The deal has a reported deadline of July 18, after which Microsoft may have to pay a $3 billion breakup fee to Activision if it falls apart.
Clashing cultures
In addition to its content library, Microsoft is by extension purchasing Activision’s notoriously troublesome work environment. Activision agreed to pay $35 million to the Securities and Exchange Commission in February to settle charges that it failed to maintain disclosure controls and procedures, as well as charges that it violated an SEC whistleblower protection rule. The company also settled a lawsuit in March 2022 with the Equal Employment Opportunity Commission regarding its allegation that Activision “subject(ed) employees to sexual harassment, pregnancy discrimination and retaliation related to sexual harassment or pregnancy discrimination.” As part of the settlement, Activision created an $18 million fund for eligible claimants who experienced such conditions during their employment at Activision.
A 2021 lawsuit filed by the California Department of Fair Employment and Housing said Activision had a “pervasive frat boy workplace culture” and noted its workforce is only about 20% women. The DFEH lawsuit is ongoing, and Activision denied this characterization of its company culture.
Michael Pachter, managing director of equity research at Wedbush Securities in downtown Los Angeles, said that many video game companies have a prevailing “bro culture.” He anticipates that Microsoft would take notable steps to improve Activision’s workplace environment.
“Microsoft, they truly are a responsible corporate citizen, and they actually care about that stuff,” Pachter said. “They walk the talk, they actually do it, so I would think that Activision will become a better place for women to send resumes.”
Reporting done by the Wall Street Journal claimed that Kotick was aware of internal misconduct and harassment issues but did not act on them or alert the board. Activision stated that it conducted multiple outside reviews, which it said found this claim to be false.
“When (Activision) received complaints we responded to them appropriately, “an Activision spokesperson said. “After the extensive and thorough reviews … the board concluded there was never widespread or systemic harassment, retaliation or discrimination at the company. The board and advisors also concluded there was no evidence that the company’s senior executives ignored complaints when they were reported.”

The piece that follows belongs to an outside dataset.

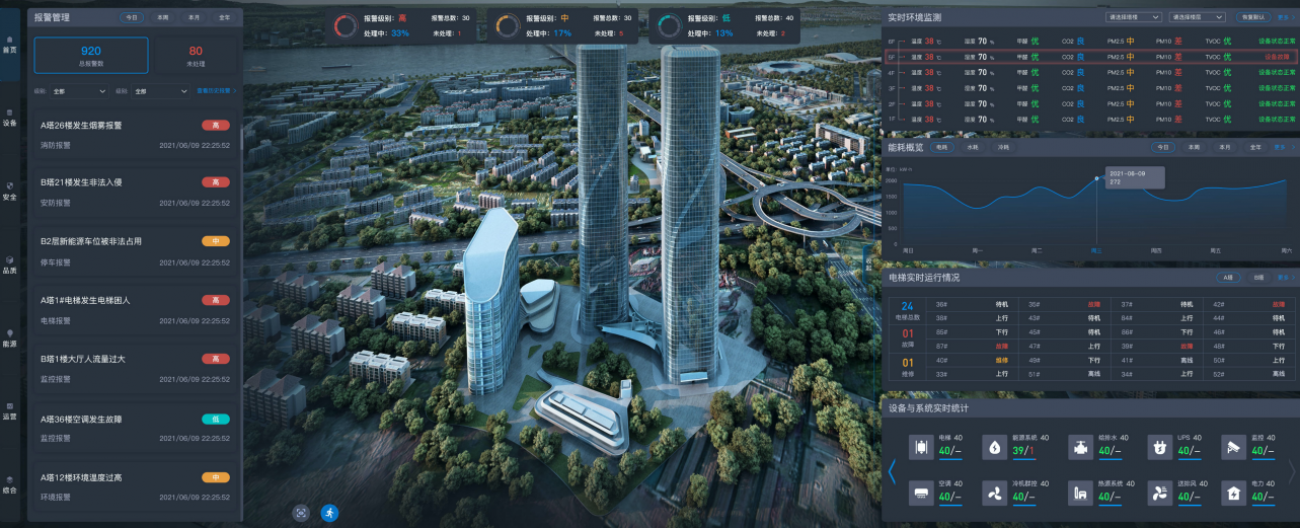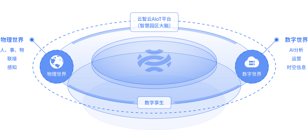 以楼宇建筑全生命周期数据为核心,“云智云 AIoT 平台”为支撑,基于数字孪生的三维技术,将物联网、人工智能、大数据等新 ICT 技术进行整合,建设成新一代科技、高效、安全、绿色、健康的智慧园区,实现园区对外服务的形象提升,对内运营的降本增效

Should the acquisition go through, Kotick would remain chief executive until closing and would receive a $15 million termination payment. Regardless of the deal’s outcome, Activision’s employees may not support Kotick remaining as its CEO. In the fall of 2021, more than 1,000 workers signed and published a petition to remove him from the company.
“This provides a graceful opportunity for him to step down,” Fiss said. “If it doesn’t go through, he’s probably in a much more difficult situation, because he probably still needs to step down … he walks away financially fine regardless, but this is, to a significant extent, a face-saving situation.”
Microsoft structured
Microsoft’s past acquisitions, including its 2018 accession of internet hosting service GitHub, have not involved large layoffs. With the exception of redundant staffing in departments such as legal, Activision would likely not see huge cuts. Pachter said that engineers and developers would probably be safe, stressing that Microsoft values the studios it’s purchasing and won’t close them. However, the two companies have significantly different work cultures, and such a change may lead to some Activision employees walking.

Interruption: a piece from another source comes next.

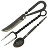 Hand forged from stainless steel and given a blackened antique finish for an authentic look, this cutlery set includes a knife, fork and spoon to give you everything you need for a taste of authentic medieval camp life. The three utensils each feature little elegant twist designs in their grip, adding a fine touch of detail to their design. The knife has a short drop point blade with a curved edge and a fine point, a curled over handle provides a wider grip. The fork features two tines, like the traditional carving fork, and both the fork and the spoon feature straight grips that end in little curled hooks for easy and convenient storage when they are not in use.

“Microsoft is much more structured by the book and Activision has retained some of the negative elements of a startup culture, not the positive ones,” Fiss said. “I would expect that Microsoft, in order to protect itself from some of these issues, will sort of implement more of its human resources approach … but these are very different cultures in terms of organizations.”

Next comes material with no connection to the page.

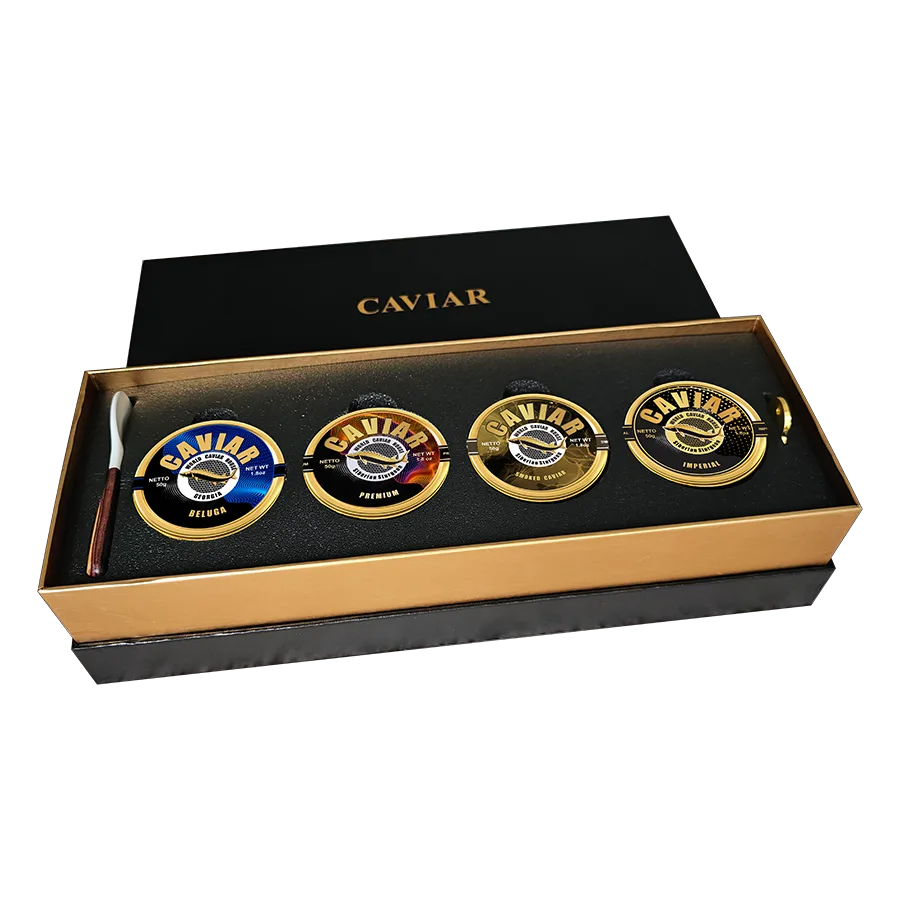Experience the ultimate caviar indulgence with our Luxury Caviar Tasting Set (4 × 50g).

The EU’s ruling was based on an agreement from Microsoft that, for the next 10 years, Activision titles would be available on any competitor’s cloud gaming service without any fees so long as the player has obtained the game license. For example, a player who has purchased Activision’s “World of Warcraft” could play the game on a Sony PlayStation console free of charge. This concession from Microsoft may address the FTC’s concern about how the merger of these two companies could suppress competition in the cloud gaming market. The FTC is scheduled to hold an evidentiary hearing regarding the deal on Aug. 2.